Now there is strong evidence that watchful waiting is a reasonable approach for most men with prostate cancer. British scientists studied more than 1600 men for 10 years. The men had been randomized into groups that had surgery or radiation or underwent only “active monitoring.” Most of the men survived no matter which group they belonged to.


  1. It may be that men with more severe symptoms will improve their chances of survival through treatment. Also, men perhaps have the right to know whether they have prostate cancer or not and to make an informed choice about treatment.

    There is a case to be made that men deserve some subsidization of testing if they experience certain symptoms, given what is spent on free breast and cervical screening for women. Alternatively or additionally, gender equality may also be served by an announcement of substantial funding for research into ways that men might avoid or better manage prostate cancer, and dissemination of what is learned through that research. I understand that more men die from prostate cancer (as opposed to with it) than women die from breast and cervical cancer combined.

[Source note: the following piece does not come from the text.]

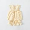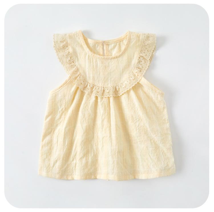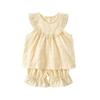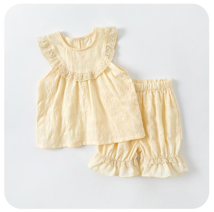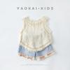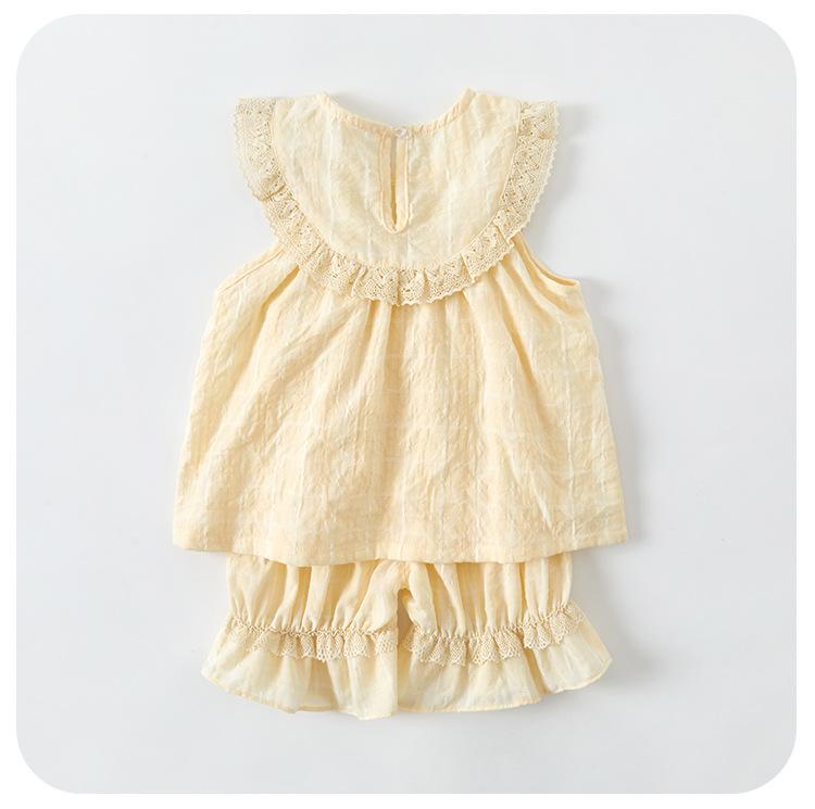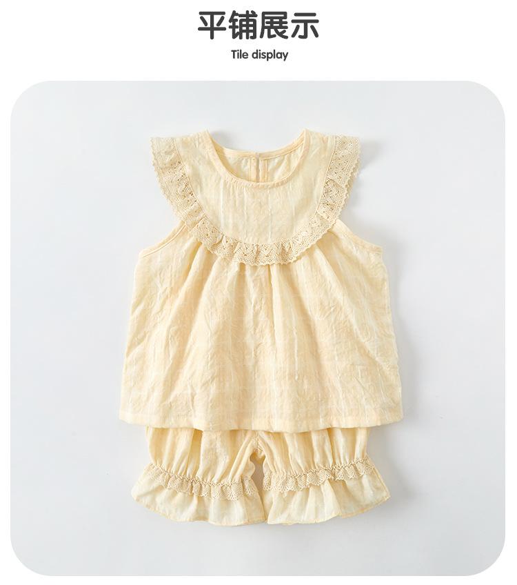 Traje de Encaje Dividido para Niña 2025 Verano Nuevo Bebé Delgada Chaleco Sin Mangas Pantalones de Pierna Ancha Conjunto de Dos Piezas

    Comment by Man X Norton — Sun 25th September 2016 @ 3:03 pm

  2. These “studies” really piss me off. They fail to ask one very important question of the men who have had their prostate removed surgically ….. “We’ve done a study and concluded that your cancerous prostate might not kill you. Would you like us to implant it back in your body ?”

    Comment by golfa — Sat 15th October 2016 @ 8:59 am

  3. There are a couple of issues that have come up recently.

    First. I saw an article a while ago, that suggested that men having more sexual partners in their lifetime, was increasing prostate cancer rates.

    Second. In conversation recently I heard the opinion that older men engaging with a new partner are likely to see a spike in psa readings, caused by either renewed sexual activity or minor urinary tract infections.

    What is the current medical thinking around this?

    There are a couple of other questions that have come up in recent conversations.

    A man who had his prostate removed says he has a rising psa that is being monitored?

    Does this mean his prostate cancer had spread before his prostate was removed, or does the psa reading indicate a range of possibilities including prostate cancer.

    A man who had prostrate radium treatment in the past had an increased psa reading which on investigation found that the cancer had relocated to the area of his back surgery.

    I’m guessing back surgeons wouldn’t want that news spreading, although I understand there is also a move away from surgical options to less invasive forms of treatment where possible for men’s back injuries, which have probably taken a similar unnecessary routine treatment regime?

    What are your thoughts in these cases?

    Comment by Downunder — Tue 18th April 2017 @ 7:41 am

  4. @JohnP I was hoping to see this post get an update.